Excerpts from a dataset:

+ + + + +

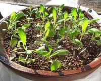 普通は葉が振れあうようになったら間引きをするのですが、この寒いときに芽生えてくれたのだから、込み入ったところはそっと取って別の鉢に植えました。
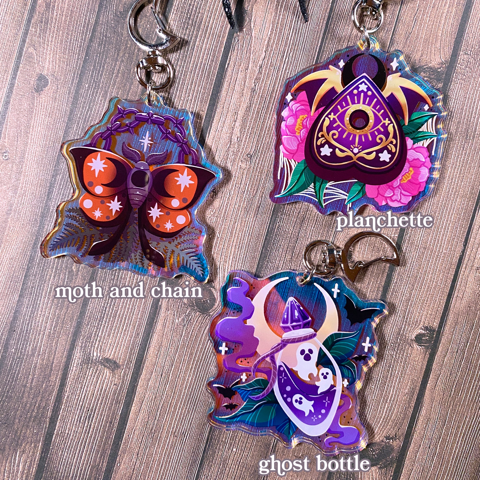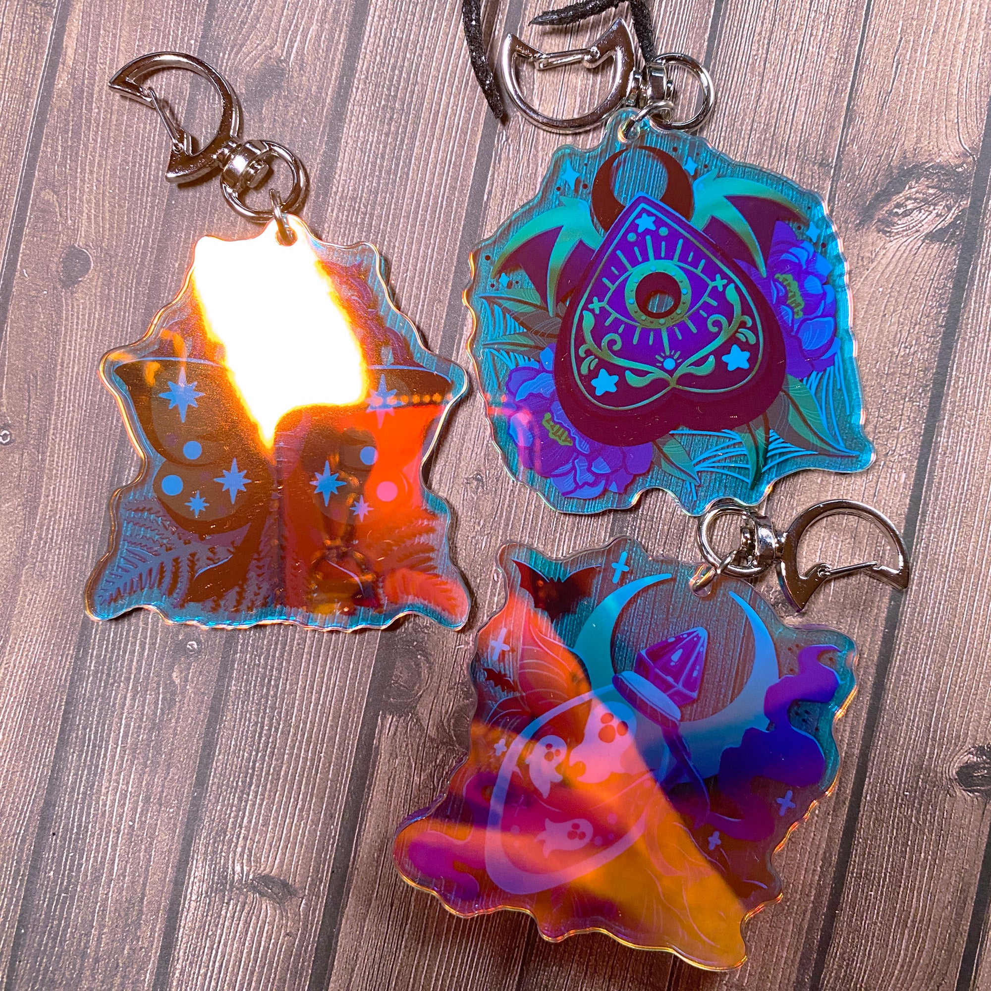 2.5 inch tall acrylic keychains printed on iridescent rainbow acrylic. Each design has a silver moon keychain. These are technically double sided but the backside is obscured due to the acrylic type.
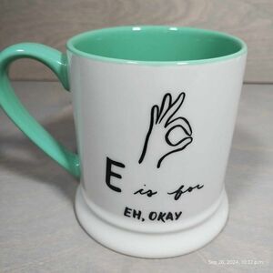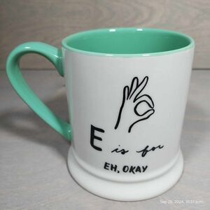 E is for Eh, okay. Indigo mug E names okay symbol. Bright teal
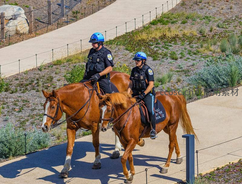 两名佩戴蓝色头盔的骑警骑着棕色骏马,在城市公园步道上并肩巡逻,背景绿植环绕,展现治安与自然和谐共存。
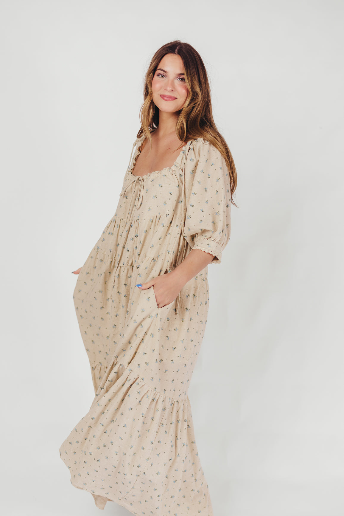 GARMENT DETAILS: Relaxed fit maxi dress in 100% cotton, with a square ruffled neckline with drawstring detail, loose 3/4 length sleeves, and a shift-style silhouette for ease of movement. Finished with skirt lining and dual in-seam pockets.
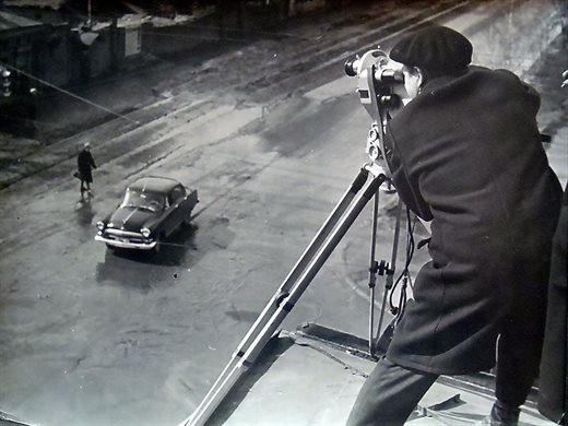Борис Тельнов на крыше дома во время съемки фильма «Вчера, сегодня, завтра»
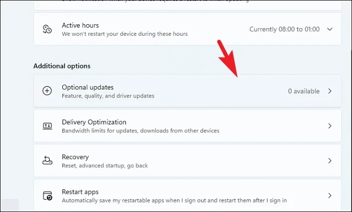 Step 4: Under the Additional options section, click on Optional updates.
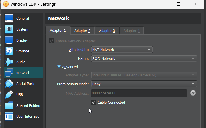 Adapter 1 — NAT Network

+ + + + +

◆ **WHAT THE TASK REQUIRES**:
Treat the line with "两名佩戴蓝色头盔的骑警骑着棕" as the start and the line with "Борис Тельнов на" as the end, and return exactly that span of the data above, both ends included, without pictures.

◆ **SOLUTION TO THE EXERCISE**:
 两名佩戴蓝色头盔的骑警骑着棕色骏马,在城市公园步道上并肩巡逻,背景绿植环绕,展现治安与自然和谐共存。
 GARMENT DETAILS: Relaxed fit maxi dress in 100% cotton, with a square ruffled neckline with drawstring detail, loose 3/4 length sleeves, and a shift-style silhouette for ease of movement. Finished with skirt lining and dual in-seam pockets.
Борис Тельнов на крыше дома во время съемки фильма «Вчера, сегодня, завтра»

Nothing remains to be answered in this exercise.